2. Diagnose the Cause
Next, it's time to find out what's behind the problem, right down to "grass roots" level. For example, if the problem is a fall in sales, the company will likely ask questions such as:
- Is there an issue with the product? Is it poor quality, unfashionable or priced too high? What led to this?
- Is the sales team inexperienced, or lacking motivation? When and how did that come about?
- Is there conflict between departments, or between the business and its suppliers? What impact does it have?
- Are company systems or equipment holding back otherwise creative and skilled employees? How exactly?
- Is there a new competitor on the block that's stealing customers? Is it offering a different product, lower prices, better service, or something else? What's changed out there in the market?
The investigation can quickly involve more areas of the organization than looked likely at the start, so be ready for you and your team to be asked to contribute. Use the McKinsey 7-S Framework to begin your diagnosis, and use Cause and Effect Diagrams, Flow Charts, and Root Cause Analysis to dig deeper.
You might be involved in analyzing existing data, running focus groups, interviewing people one-on-one, or conducting surveys. Talking to people can give critically important context and insight that explain the bald facts and figures.
3. Design and Act
At last, it's time to act – but it might not be easy! You'll have thought of all sorts of solutions during the research phases, but so will other participants – and you might not agree with one another. This is where input from an OD practitioner can be particularly helpful. He or she could help bring everyone together in the design and implementation of a solution that's right for the whole organization.
Any OD "effort" will include improving structures, processes and culture, and aligning them to the organization's priorities. It will involve individual and team development. And there might be work to do on goal setting, appraisals or rewards, to help improve employees' performance and motivation.
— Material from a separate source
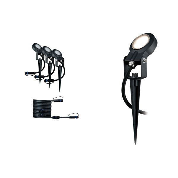 Mit dem Plug & Shine Sting Ergänzungsset können bis zu drei zusätzliche Leuchten an die bestehende 24V-Lichtinstallation angeschlossen werden. Die Spieße eignen sich ideal zum Anstrahlen von Pflanzen oder Gegenständen, lassen sich individuell ausrichten und sind absolut wetterbeständig. Bei Bedarf kann das System um weitere Plug & Shine Komponenten erweitert werden. Plug & Shine Ergänzungsset bestehend aus 3 Leuchten und Verbindungskabel Kombinierbar mit allen Leuchten und Zubehörteilen aus der Plug & Shine Serie LED-Leuchtmittel (fest verbaut) im Lieferumfang enthalten Farbtemperatur: 3000K - Warmweiß Mit dem Plug & Shine Controller (s. Zubehör) schaltbar und dimmbar per Fernbedienung

But the key to successful change is to tailor these interventions to your organization, department or team.
It's wise to pilot parts of a wide-ranging program before rolling out the whole thing, so your team might need some reassurance that this long-awaited change will happen. And remember that the process is cyclical, so there'll be opportunities for more change later.
4. Evaluate and Embed
In this phase, you and your team will likely take part in gathering evidence of the program's outcome. As in Diagnosis, there will be a range of methods to employ, informal and formal, personal and impersonal.
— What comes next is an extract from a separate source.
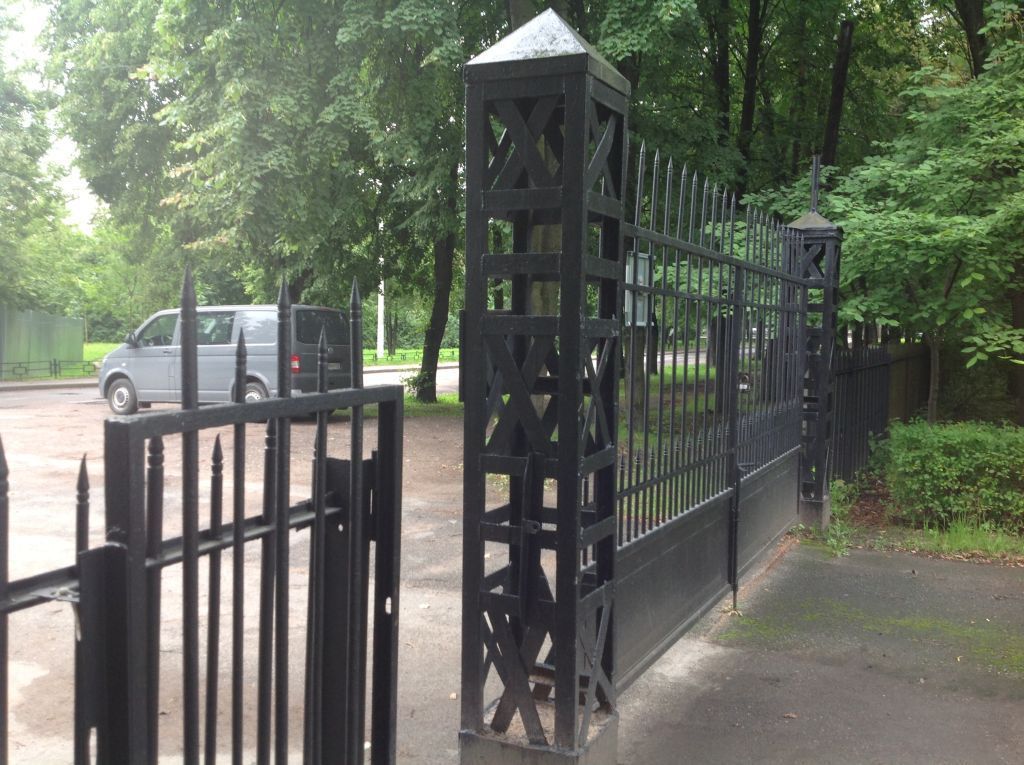 XIII. Ограда(Политехническая ул., между Фаворского ул. и створом Курчатова ул.)историческая ограда с воротами по юго-западной границе парка (вдоль улицы Фаворского и вдоль ул. Политехнической) - высота, рисунок, материал (металл), техника исполнения (ковка), исторический цвет решетки, угловых конструкций, ворот; цоколь кирпичный под штукатуркой;

If the effort proves to have been successful, your leaders will adopt the change formally and then you'll play an important role in embedding it in everyday working life. If any parts of the program failed, or had unexpected results, you might be taken back to the beginning of the cycle to re-examine the problem and its causes, and to redesign the intervention. Keep in mind that the first action might have been the right one but its execution could have been flawed – but that would tell you there's another problem to deal with!
Organization, or organizational, development (OD) is a change-management model that focuses on improving a company's performance and health by looking across its structures and functions, taking a human approach to processes and culture, and involving employees at all levels.
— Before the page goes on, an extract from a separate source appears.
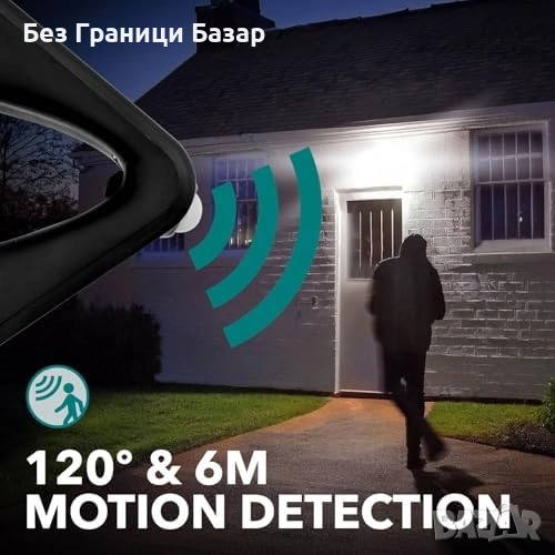 Соларна LED лампа с PIR датчик за движение за външно осветление и охрана

OD can be applied strategically to a whole organization or more tactically to smaller units, at a time of crisis or as continuous improvement. Many OD programs follow a cyclical action-research process: Define the Problem, Diagnose the Cause, Design and Act, and Evaluate and Embed.
You and your team could be involved at any point of a business-wide program, being asked to collaborate openly across functional and departmental boundaries, for the common good. You can also independently apply OD principles to situations within your team at any time.